Background: Speech sound disorders (SSD) in children can significantly impact communication and development. Ultrasound tongue imaging (UTI) is a non-invasive method for visualising tongue motion during speech, offering a promising alternative for diagnosis and therapy. Deep learning (DL) techniques have shown great promise in automating the analysis of UTI data, although their clinical application for SSD remains underexplored.
Objective: This review aims to synthesise how DL has been utilised in UTI to support automated SSD detection, highlighting the advancement of techniques, key challenges, and future directions.
Methods: A comprehensive search of IEEE Xplore, PubMed, ScienceDirect, Scopus, Taylor & Francis, and arXiv identified studies from 2010 through 2025. Inclusion criteria focused on studies using DL to analyse UTI data with relevance to SSD classification, feature extraction, or speech assessment. Eleven studies met the criteria: three directly tackled disordered speech classification tasks, while four addressed supporting tasks like tongue contour segmentation and tongue motion modelling. Promising results were reported in each category, but limitations such as small datasets, inconsistent evaluation, and limited generalisability were common.

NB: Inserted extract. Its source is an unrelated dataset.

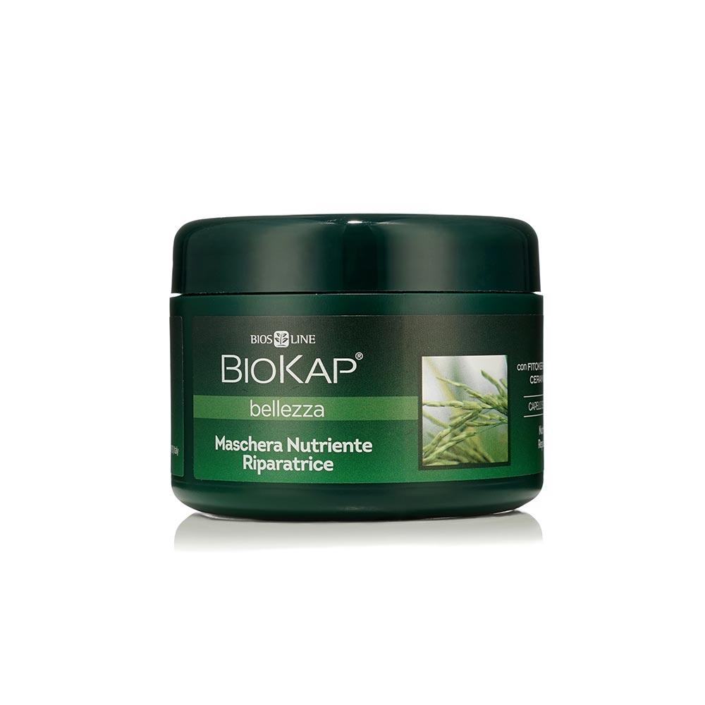 Zawiera hydrolizowaną fitokeratynę z ryżu, która zachowuje się podobnie do naturalnie występującej keratyny – wypełnia włókna włosowe, wzmacniając trzon włosa i przeciwdziałając rozdwojonym końcówkom. Fitokeratyna wnika głęboko we włosy i rekonstruuje pierwotną strukturę włosa, dzięki czemu odzyskują miękkość, nawilżenie i blask. Ceramidy roślinne z oliwy z oliwek i olejek ze słodkich migdałów pomagają odbudować zniszczone końcówki oraz dają silnie odżywczy efekt dla całych włosów. Najlepsze efekty uzyskuje się wraz z użyciem szamponu rewitalizująco-naprawczego BIOKAP. Odżywcza maska Biokap to intensywny zabieg na suche, zniszczone, łamliwe i rozszczepione włosy. Bogata w składniki roślinne sprawia, że włosy staja się jedwabiście błyszczące.

Results: DL models demonstrate effectiveness in analysing UTI for articulatory assessment and show early potential in identifying SSD-related patterns. The included studies collectively outline a developmental pipeline, from foundational pre-processing to phoneme-level classification in typically developing speakers, and finally to preliminary attempts at classifying speech errors in children with SSD. This progression illustrates significant technological advances; however, it also emphasises gaps such as the lack of large, disorder-focused datasets and the need for integrated end-to-end systems.
Conclusion: The field of DL-driven UTI assessment for speech disorders is developing. Current studies provide a strong technical foundation and proof-of-concept for automatic SSD detection using ultrasound, but clinical translation remains limited. Future research should prioritise the creation of larger annotated UTI datasets of disordered speech, developing generalisable and interpretable models, and validating fully integrated DL-UTI pipelines in real-world speech therapy settings. With these advances, DL-based UTI systems have the potential to transform SSD diagnosis and treatment by providing objective, real-time articulatory feedback in a child-friendly manner.